Alimenti da evitare con i probiotici
Nonostante i probiotici offrano molti benefici per la salute, alcuni alimenti possono interferire con la loro efficacia. Gli alimenti ricchi di zuccheri e quelli con dolcificanti artificiali possono favorire la crescita di batteri nocivi e quindi annullare gli effetti positivi dei probiotici, soprattutto se consumati in grande quantità e in modo regolare (1,4). Allo stesso modo, cibi e bevande molto caldi possono danneggiare le culture probiotiche viventi. Pertanto, si consiglia di evitare di consumarli immediatamente prima o dopo l'assunzione di probiotici.

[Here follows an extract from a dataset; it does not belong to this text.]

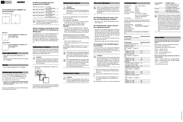 Gebrauchsanleitung Funk-Rollladentaster CONNECT mit Sensoranschluss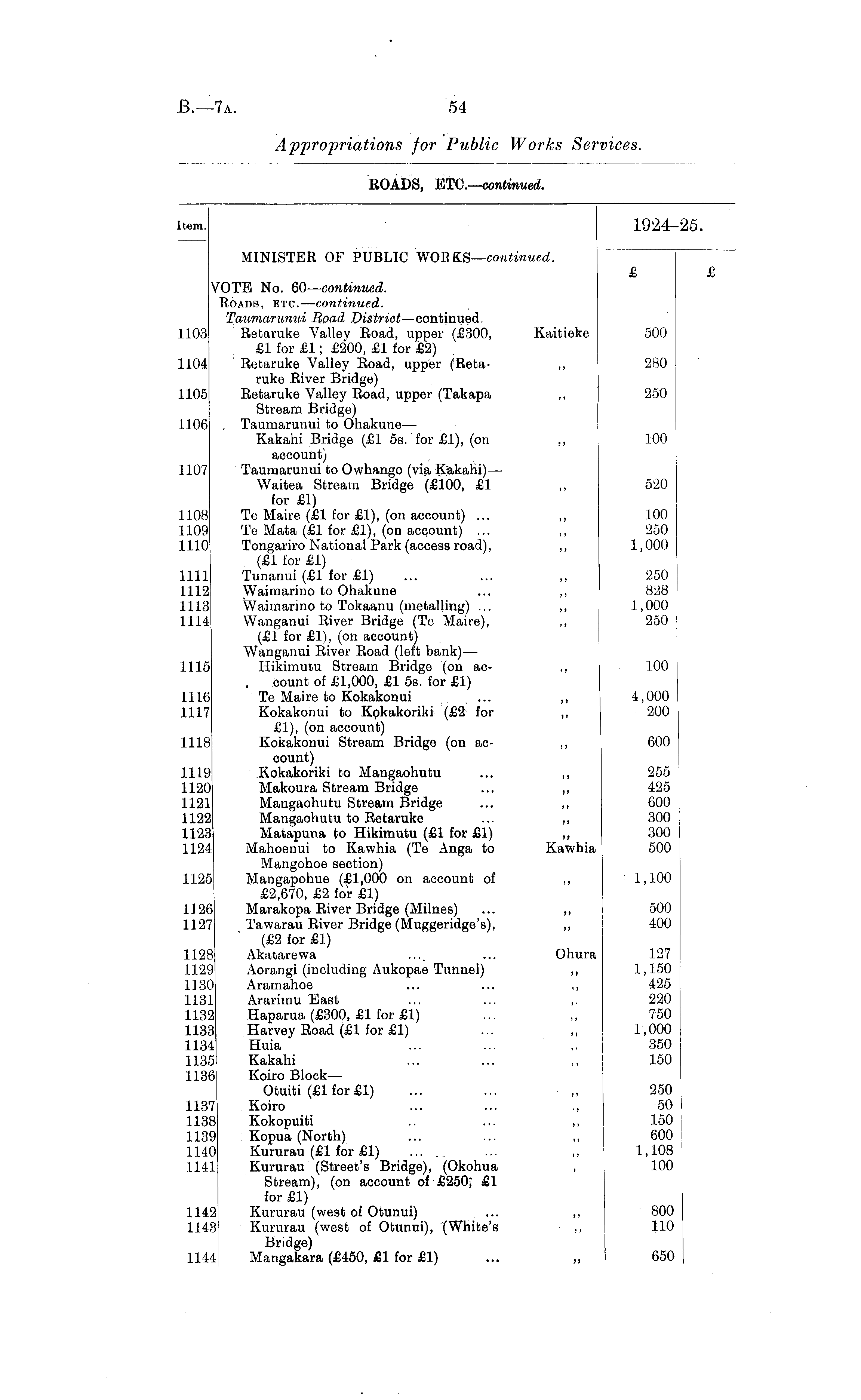 Item. 1924-25. MINISTER OF PUBLIC WORKS— continued. VOTE No. 60— continued. Roads, etc. — continued. Taumarunui Road District— continued. Retaruke Vallev Road, upper (£300, Kaitieke £1 for £1; £200, £1 for £2) Retaruke Valley Road, upper (Reta- ,, ruke River Bridge) Retaruke Valley Road, upper (Takapa ,, Stream Bridge) . Taumarunui to Ohakune— Kakahi Bridge (£1 5s. for £1), (on ,, account) Taumarunui to Owhango (via Kakahi) — Waitea Stream Bridge (£100, £1 for £1) Te Maire (£1 for £1), (on account) ... Te Mata (£1 for £1), (on account) ... Tongariro National Park (access road), ,, (£1 for £1) Tunanui (£1 for £1) Waimarino to Ohakune ... ,, Waimarino to Tokaanu (metalling) ... ,, Wanganui River Bridge (Te Maire), ,, (£1 for £1), (on account) Wanganui River Road (left bank) — i Hikimutu Stream Bridge (on ac- ,, count of £1,000, £1 5s. for £1) I Te Maire to Kokakonui ... ,, Kokakonui to Kpkakoriki (£2 for ,, £1), (on account) i Kokakonui Stream Bridge (on ac- ,, count) I Kokakoriki to Mangaohutu ... ,, ) Makoura Stream Bridge ... ,, Mangaohutu Stream Bridge ... ,, ! Mangaohutu to Retaruke ... ,, i Matapuna to Hikimutu (£1 for £1) ,, [ Mahoenui to Kawhia (Te Anga to Kawhia Mangohoe section) 5 Mangapohue (£1,000 on account of ,, £2,670, £2 for £1) 5 Marakopa River Bridge (Milnes) ... „ J Tawarau River Bridge (Muggeridge's), ,, (£2 for £1) 1 Akacarewa .... ... Ohura 3 Aorangi (including Aukopae Tunnel) ,, 3 Aramahoe ... ... ,, 1 Ararimu East ... ... ,. 2 Haparua (£300, £1 for £1) 3 Harvey Road (£1 for £1) i Huia 5 Kakahi 6 Koiro Block— Otuiti (£lfor£l) 7 Koiro 8 Kokopuiti .. ... ,, 9 Kopua (North) 0 Kururau (£1 for £1) ... . 1 Kururau (Street's Bridge), (Okohua Stream), (on account of £250; £1 for £1) 2 Kururau (west of Otunui) ... ,, 3 Kururau (west of Otunui), (White's ,, Bridge) 4 Mangakara (£450, £1 for £1) £ 500 1103 1104 280 1105 250 1106 100 1107 520 1108 1109 1110 100 250 1,000 1111 1112 1113 1114 250 828 1,000 250 1115 100 1116 1117 4,000 200 1118 600 1119 1120 1121 1122 1123 1124 255 425 600 300 300 500 1125 1,100 1126 1127 500 400 1128 1129 1130 1131 1132 1133 1134 1135 1136 127 1,150 425 220 750 1,000 350 150 1137 1138 1139 1140 1141 250 50 150 600 1,108 100 1142 1143 800 110 1144 650

Un consumo eccessivo di alcol, cibi ultra-processati, fritture e grassi trans può inoltre alterare negativamente il microbiota, rendendo più difficile il lavoro dei probiotici. Senza rinunciare del tutto al piacere, è utile limitare questi alimenti e privilegiare una dieta mediterranea equilibrata.
Conclusione
L'assunzione corretta dei probiotici può contribuire significativamente alla salute intestinale, immunitaria e in alcuni casi anche alla salute della pelle e dell’umore, grazie all’asse intestino-cervello (2). Tuttavia, è importante prestare attenzione al momento giusto, al dosaggio corretto e alla qualità dei prodotti, oltre che alla propria situazione clinica.
Per ottenere i massimi benefici, abbinate l’integrazione probiotica a un’alimentazione ricca di fibre e alimenti fermentati, limitando zuccheri e cibi ultra-processati. In caso di dubbio o di particolari preoccupazioni per la salute, si dovrebbe sempre cercare il consiglio di un medico o di un professionista della nutrizione, in modo da scegliere il prodotto più adatto e definire tempi e modalità di assunzione personalizzati.